|Mickey and Sean--making all the trades.|
To the surprise of absolutely no one who has followed the Saints in recent years, New Orleans made the fewest picks of any team in the draft and traded a 2021 draft pick to move up in this year’s draft.
If the Saints were a young child, they would fail the marshmallow test every single time.
Since New Orleans only made four picks in the draft, that should make this recap relatively easily.
Round 1, Pick 24—C Cesar Ruiz (Michigan)
We wrote last week that the Saints might look to grab an interior offensive lineman with right guard Larry Warford in the last year of his contract. Either Ruiz or Erik McCoy, last year’s starting center, will have to compete with Warford for the right guard spot. The Saints liked Ruiz’s size (6-3, 307 lbs), intelligence (he was in charge of protection calls for the Michigan offensive line), and experience (31 starts over 3 seasons).
While the Saints may have been tempted to go for a wide receiver to help out Drew Brees, this pick is reminiscent of 2017, when New Orleans took right tackle Ryan Ramcyzk 32nd overall. The Saints had already invested significant capital in the offensive line, but Sean Payton believes that you can never have too many good offensive lineman. The Saints might try to trade Warford, but they might just hold onto him and have him compete with Ruiz or McCoy for the guard spot.
Round 3, Pick 74—LB Zach Baun (Wisconsin)
New Orleans just can’t help themselves with trading up.

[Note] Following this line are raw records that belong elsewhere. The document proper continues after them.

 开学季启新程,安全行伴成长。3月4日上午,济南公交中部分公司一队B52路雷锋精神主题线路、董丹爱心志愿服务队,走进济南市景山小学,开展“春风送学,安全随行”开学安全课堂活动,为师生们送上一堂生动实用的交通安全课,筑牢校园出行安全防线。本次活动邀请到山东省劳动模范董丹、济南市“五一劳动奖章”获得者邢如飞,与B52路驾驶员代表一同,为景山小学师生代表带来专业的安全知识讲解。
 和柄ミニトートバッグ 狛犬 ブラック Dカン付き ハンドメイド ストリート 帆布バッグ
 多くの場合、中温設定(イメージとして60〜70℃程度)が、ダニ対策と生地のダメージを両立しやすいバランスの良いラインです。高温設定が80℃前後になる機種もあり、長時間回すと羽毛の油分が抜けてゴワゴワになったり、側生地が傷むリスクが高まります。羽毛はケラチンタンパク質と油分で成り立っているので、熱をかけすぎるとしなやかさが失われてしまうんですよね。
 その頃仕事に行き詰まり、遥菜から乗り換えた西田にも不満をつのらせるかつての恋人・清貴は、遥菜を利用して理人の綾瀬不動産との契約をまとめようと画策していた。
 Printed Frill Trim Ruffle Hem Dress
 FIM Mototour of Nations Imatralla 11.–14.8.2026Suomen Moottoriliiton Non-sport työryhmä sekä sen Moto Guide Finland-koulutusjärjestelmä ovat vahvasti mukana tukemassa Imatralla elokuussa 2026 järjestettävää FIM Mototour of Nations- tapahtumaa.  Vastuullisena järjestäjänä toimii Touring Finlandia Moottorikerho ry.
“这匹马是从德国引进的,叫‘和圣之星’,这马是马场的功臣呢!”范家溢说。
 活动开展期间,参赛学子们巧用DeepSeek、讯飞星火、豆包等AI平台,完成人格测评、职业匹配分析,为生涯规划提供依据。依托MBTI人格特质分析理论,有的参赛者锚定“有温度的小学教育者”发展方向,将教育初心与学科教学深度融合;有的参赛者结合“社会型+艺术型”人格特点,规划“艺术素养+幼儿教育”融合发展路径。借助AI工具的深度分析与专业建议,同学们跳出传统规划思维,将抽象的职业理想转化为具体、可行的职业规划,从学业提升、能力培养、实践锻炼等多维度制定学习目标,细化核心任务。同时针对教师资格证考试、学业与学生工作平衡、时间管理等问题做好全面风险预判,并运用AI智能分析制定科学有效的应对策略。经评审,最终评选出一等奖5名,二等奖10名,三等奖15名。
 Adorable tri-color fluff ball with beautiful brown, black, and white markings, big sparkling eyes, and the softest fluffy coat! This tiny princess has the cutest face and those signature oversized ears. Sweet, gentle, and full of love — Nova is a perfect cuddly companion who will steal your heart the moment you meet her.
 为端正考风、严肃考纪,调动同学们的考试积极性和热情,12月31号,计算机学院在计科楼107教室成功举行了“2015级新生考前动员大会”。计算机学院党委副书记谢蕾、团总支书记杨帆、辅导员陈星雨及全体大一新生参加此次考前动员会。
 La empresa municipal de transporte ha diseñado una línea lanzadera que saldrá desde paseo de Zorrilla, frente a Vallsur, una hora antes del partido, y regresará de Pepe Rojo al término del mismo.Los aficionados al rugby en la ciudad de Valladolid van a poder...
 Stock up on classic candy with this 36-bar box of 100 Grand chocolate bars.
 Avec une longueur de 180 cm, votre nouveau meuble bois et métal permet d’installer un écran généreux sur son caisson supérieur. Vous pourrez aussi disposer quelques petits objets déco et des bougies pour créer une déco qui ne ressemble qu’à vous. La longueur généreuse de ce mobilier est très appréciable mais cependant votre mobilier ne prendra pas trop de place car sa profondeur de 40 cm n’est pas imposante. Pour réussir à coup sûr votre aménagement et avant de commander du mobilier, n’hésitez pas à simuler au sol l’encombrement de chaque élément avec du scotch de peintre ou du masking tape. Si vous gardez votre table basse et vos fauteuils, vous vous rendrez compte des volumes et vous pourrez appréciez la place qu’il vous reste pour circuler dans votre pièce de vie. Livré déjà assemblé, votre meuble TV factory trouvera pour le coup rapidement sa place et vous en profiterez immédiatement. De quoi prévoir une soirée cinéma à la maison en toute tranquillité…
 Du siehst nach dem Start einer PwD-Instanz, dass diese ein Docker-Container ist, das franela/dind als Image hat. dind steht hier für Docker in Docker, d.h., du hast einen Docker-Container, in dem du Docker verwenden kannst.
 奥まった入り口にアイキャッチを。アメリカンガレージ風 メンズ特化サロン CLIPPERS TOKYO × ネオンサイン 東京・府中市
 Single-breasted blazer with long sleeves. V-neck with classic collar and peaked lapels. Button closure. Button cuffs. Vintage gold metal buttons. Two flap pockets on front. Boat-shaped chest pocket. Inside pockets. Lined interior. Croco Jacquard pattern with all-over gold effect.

This time they traded the 88th pick in the draft and their 3rdrounder for next year to move up 14 spots. At least, they used the pick on a well-regarded player in a position of need. Currently, two of the Saints starting linebackers—Alex Anzalone and Kiko Alonso have missed significant time with injuries. All-Pro starter Demario Davis is 31 and he, along with backup Craig Robertson, Anzalone, and Alonso, are all in the last year of their contracts. So the Saints needed another playmaker on a long-term contract and they got themselves one.
As an outside linebacker, Baun has been successful as an edge rusher with 12.5 sacks last season. He also has the ability to drop back into coverage and guard tight ends and running backs.
Round 3, Pick 105—TE Adam Trautman (Dayton)
The Saints paid a heavy price for Trautman, giving up their 4th, 5th, 6th, and 7th round picks to move up 25 spots to draft Trautman. According to Chase Stuart’s approximate value based draft chart, the Saints gave up the equivalent of the 83rd pick in the draft to move up.
And it’s not immediately clear where Trautman fits into the Saints offense as New Orleans already has Jared Cook and Josh Hill as starters. Trautman played well at Dayton—catching 70 passes for 916 yards and 14 touchdowns—but against FCS division talent. The Saints have been touting Trautman’s blocking skills as making him an impact player immediately. He better be, because the Saints gave up a lot to get him.
Round 7, Pick 240—QB Tommy Stephens (Mississippi State)
New Orleans currently has a versatile quarterback on the roster who can play wide receiver, tight end, and running back in Taysom Hill. What’s the harm in having another? Stephens has experience running the ball, practiced route running before the draft, and even prepared to work out at tight end to help his draft prospects. His versatility came about because he was “bored” while serving as a backup at Penn State. The Saints traded a 6th rounder next year to get him, but 6th and 7th rounders are easy to replace. Another versatile weapon for Sean Payton to scheme around isn’t.